• _What to work on_: Each line from the top of the listing through the one holding "Слайд 11Физиологические аспекты" should be restated word for word, with nothing added and no pictures.

::::

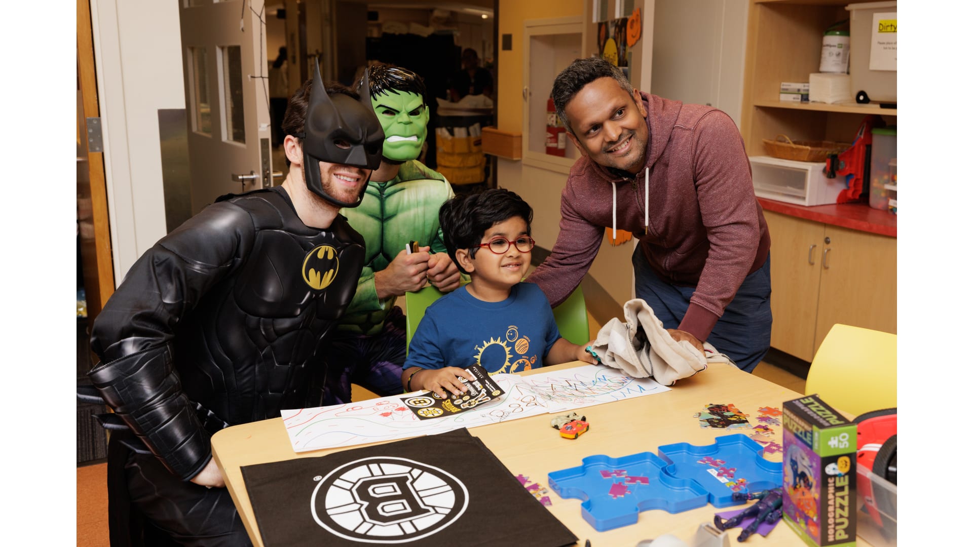 A group of Bruins spent time with patients and staff during the team’s annual Halloween hospital visit on Wednesday at Mass. General Hospital for Children. (Photo Credit: Mass General)
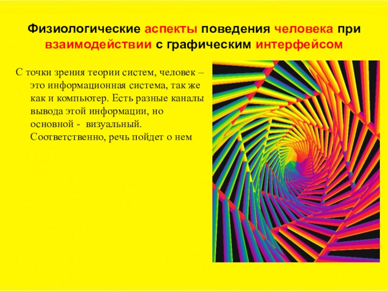 Слайд 11Физиологические аспекты поведения человека при взаимодействии с графическим интерфейсом
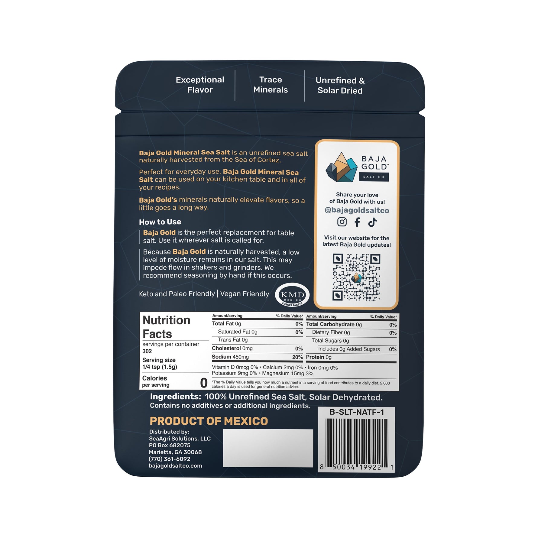 Unlike processed salts that are stripped of their nutritional value, Baja Gold preserves the ocean’s natural moisture and mineral content for a more vibrant taste and better texture. It’s certified Kosher and fully compatible with modern lifestyles including Keto, Paleo, Vegan, Gluten-Free, and GMO-Free diets. Whether you’re seasoning roasted veggies, grilling steak, or making a homemade brine, this sea salt adds depth and vitality to every bite — naturally.
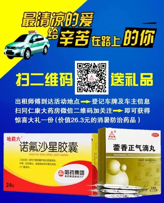 山西同仁康大藥房太原市與孝義市各藥房在7月7日--9日為“的哥、的姐”送上我們***真摯的祝愿,我們?yōu)槟呐谥屏讼顩霾韫┠赓M飲用。并且現(xiàn)場掃碼即可獲贈價值26.3元的消暑防治藥品(天士力集團的藿香正氣滴丸和哈藥集團的諾氟沙星膠囊),同時現(xiàn)場還免費贈送您價值5元的優(yōu)惠券四張,持此券您可在山西同仁康各藥房特惠購藥。
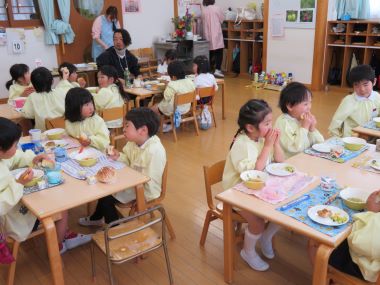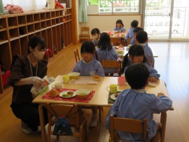 誕生者の保護者の方には「おとうさん先生」「おかあさん先生」として保育参加として給食の配膳やおそうじ等もしていただきました。

::::

• _Output of the exercise_:
 A group of Bruins spent time with patients and staff during the team’s annual Halloween hospital visit on Wednesday at Mass. General Hospital for Children. (Photo Credit: Mass General)
 Слайд 11Физиологические аспекты поведения человека при взаимодействии с графическим интерфейсом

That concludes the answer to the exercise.